ASSIGNMENT: Give back the exact lines of the material below from the one containing "0.1 % TFA的流動相分析疏水性高的多肽時,如果洗脫較遲,可以推薦使用醋酸溶液等" through the one containing "儲(chǔ)能等采用的鋰電池", and no pictures.

*** Opening RECORDS FOR THIS TASK ***

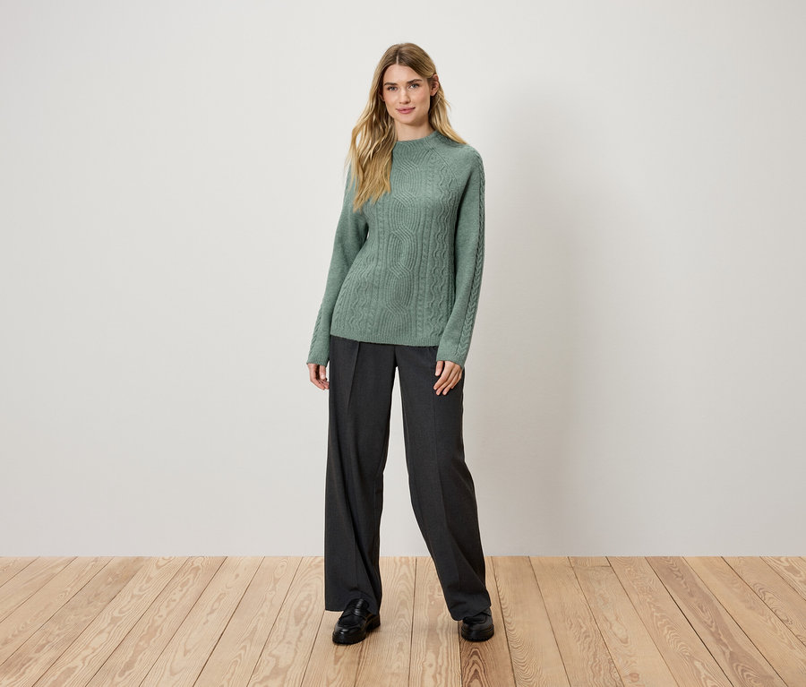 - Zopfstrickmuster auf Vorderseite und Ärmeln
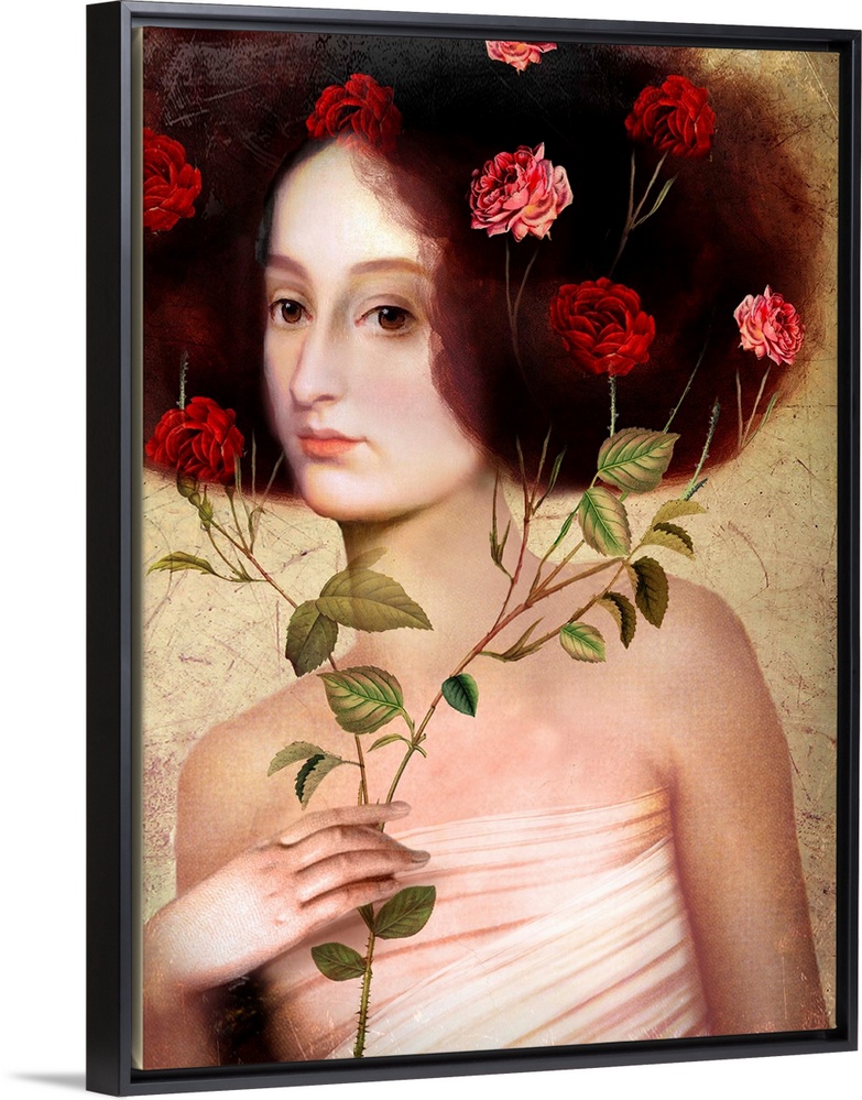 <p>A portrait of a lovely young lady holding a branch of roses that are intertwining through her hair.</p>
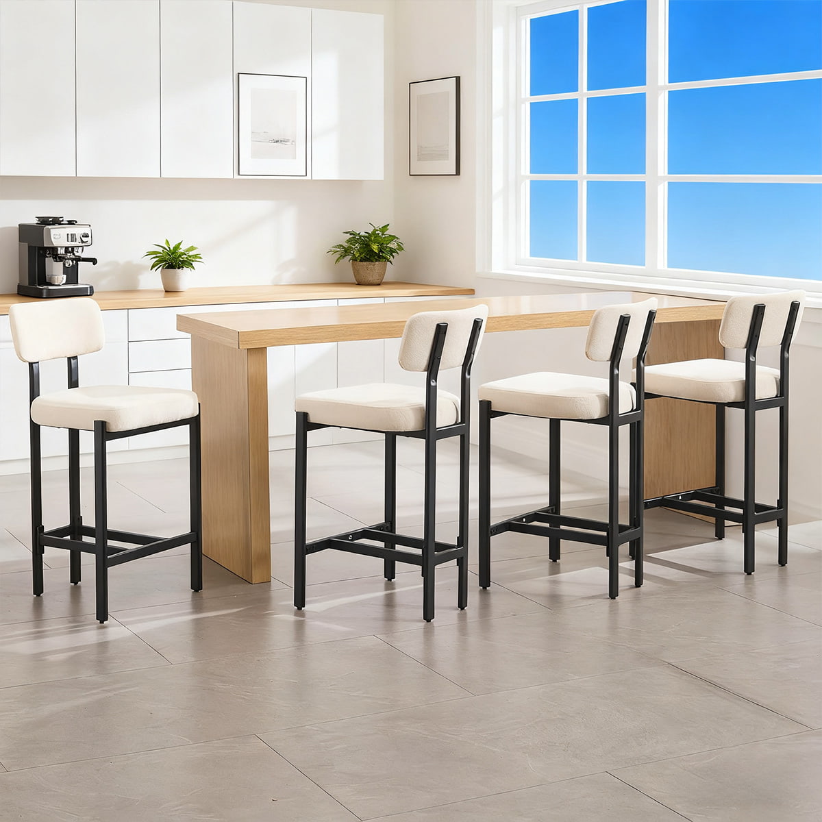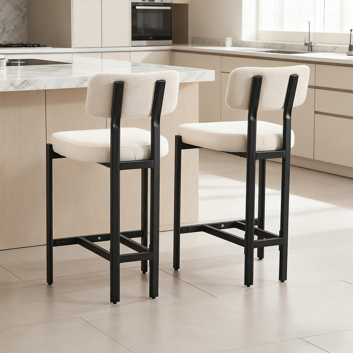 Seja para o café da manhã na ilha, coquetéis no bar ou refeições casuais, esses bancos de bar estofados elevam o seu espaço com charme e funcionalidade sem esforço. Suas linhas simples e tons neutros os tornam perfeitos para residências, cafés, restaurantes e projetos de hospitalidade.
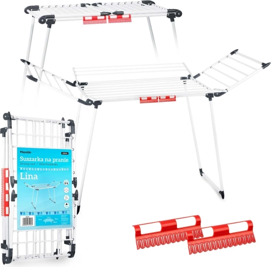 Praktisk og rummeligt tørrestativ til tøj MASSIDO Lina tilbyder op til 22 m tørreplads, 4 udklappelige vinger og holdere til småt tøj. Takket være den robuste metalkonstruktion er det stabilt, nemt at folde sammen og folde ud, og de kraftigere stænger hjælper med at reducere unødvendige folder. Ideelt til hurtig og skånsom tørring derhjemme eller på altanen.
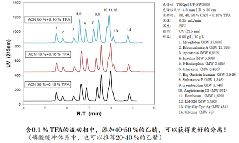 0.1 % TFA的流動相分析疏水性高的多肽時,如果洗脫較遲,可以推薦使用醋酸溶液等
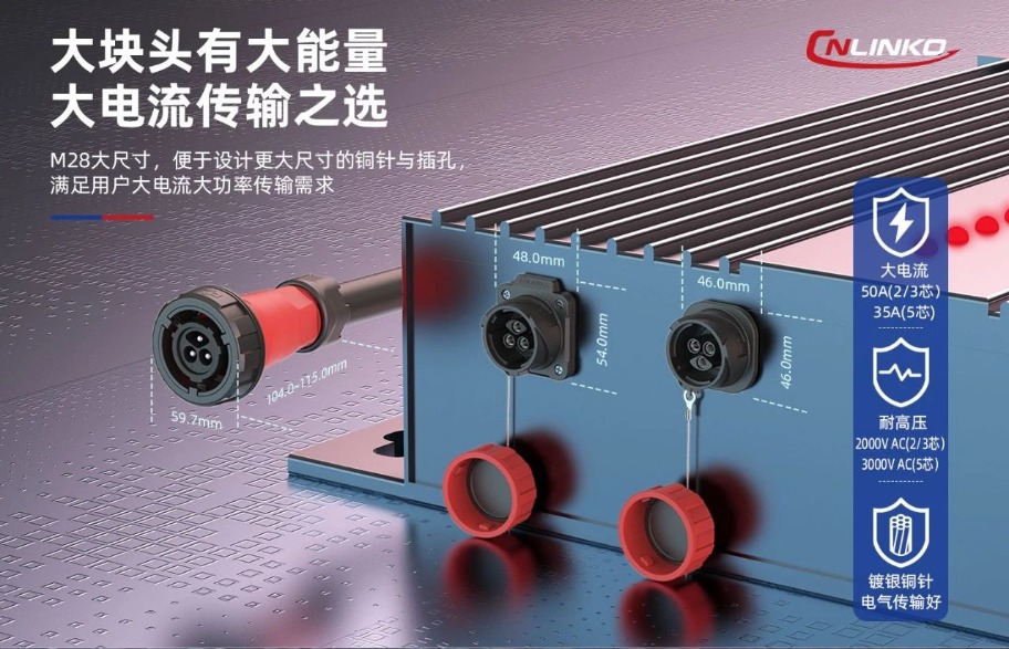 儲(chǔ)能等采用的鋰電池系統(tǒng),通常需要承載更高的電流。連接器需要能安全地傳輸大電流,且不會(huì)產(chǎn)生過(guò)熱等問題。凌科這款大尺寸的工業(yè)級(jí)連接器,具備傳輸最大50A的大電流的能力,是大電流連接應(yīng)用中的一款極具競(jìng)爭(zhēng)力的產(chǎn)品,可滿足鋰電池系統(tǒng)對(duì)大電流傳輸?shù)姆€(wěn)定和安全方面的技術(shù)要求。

*** Closing RECORDS FOR THIS TASK ***
*** Opening RECORDS FOR THIS TASK ***

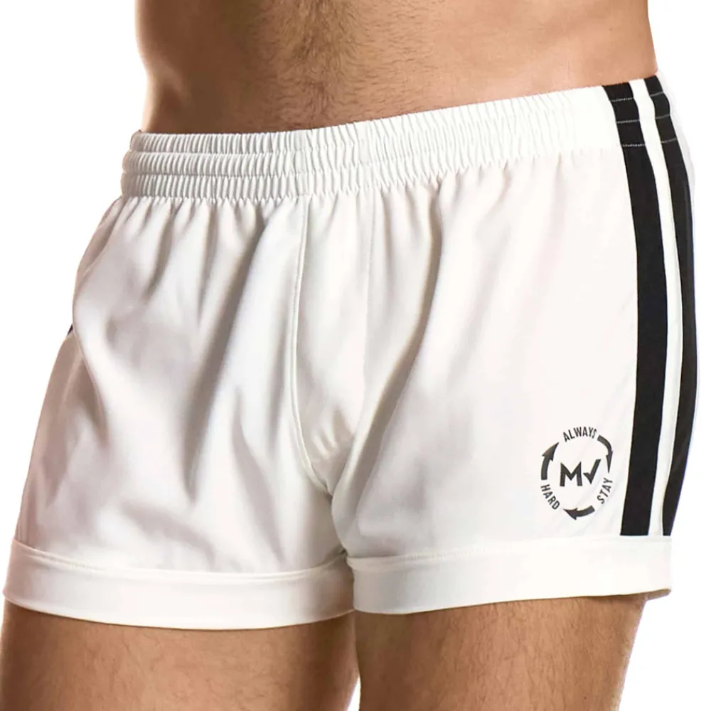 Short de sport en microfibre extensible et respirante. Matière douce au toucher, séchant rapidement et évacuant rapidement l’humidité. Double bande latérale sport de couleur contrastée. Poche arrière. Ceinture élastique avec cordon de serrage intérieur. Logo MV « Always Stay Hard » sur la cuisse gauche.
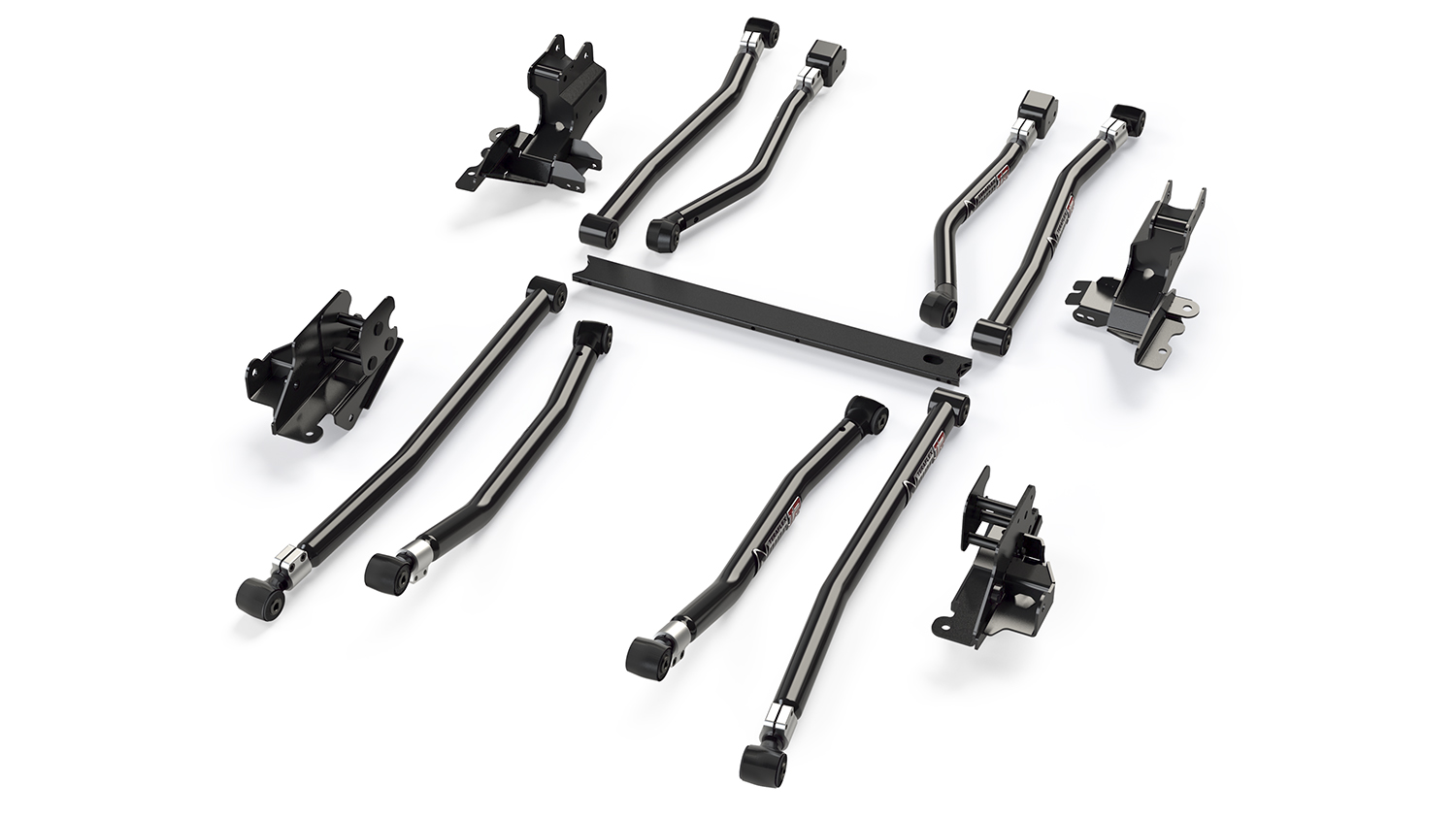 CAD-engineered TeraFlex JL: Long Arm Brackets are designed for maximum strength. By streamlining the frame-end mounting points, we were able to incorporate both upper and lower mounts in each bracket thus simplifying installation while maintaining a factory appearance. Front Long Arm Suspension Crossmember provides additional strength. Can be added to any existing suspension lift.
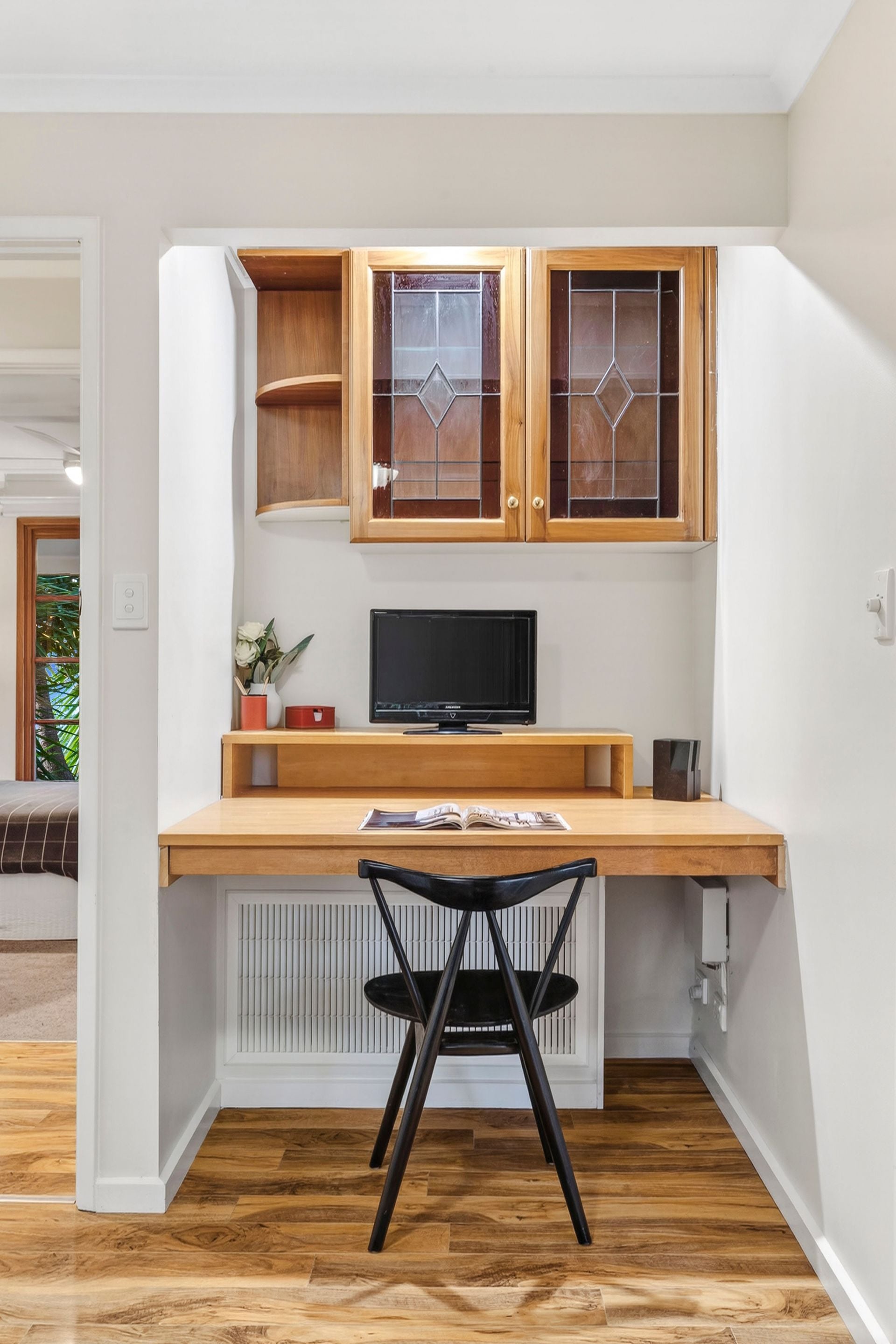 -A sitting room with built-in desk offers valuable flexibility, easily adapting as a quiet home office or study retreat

*** Closing RECORDS FOR THIS TASK ***

FINISHED TASK:
 0.1 % TFA的流動相分析疏水性高的多肽時,如果洗脫較遲,可以推薦使用醋酸溶液等
 儲(chǔ)能等采用的鋰電池系統(tǒng),通常需要承載更高的電流。連接器需要能安全地傳輸大電流,且不會(huì)產(chǎn)生過(guò)熱等問題。凌科這款大尺寸的工業(yè)級(jí)連接器,具備傳輸最大50A的大電流的能力,是大電流連接應(yīng)用中的一款極具競(jìng)爭(zhēng)力的產(chǎn)品,可滿足鋰電池系統(tǒng)對(duì)大電流傳輸?shù)姆€(wěn)定和安全方面的技術(shù)要求。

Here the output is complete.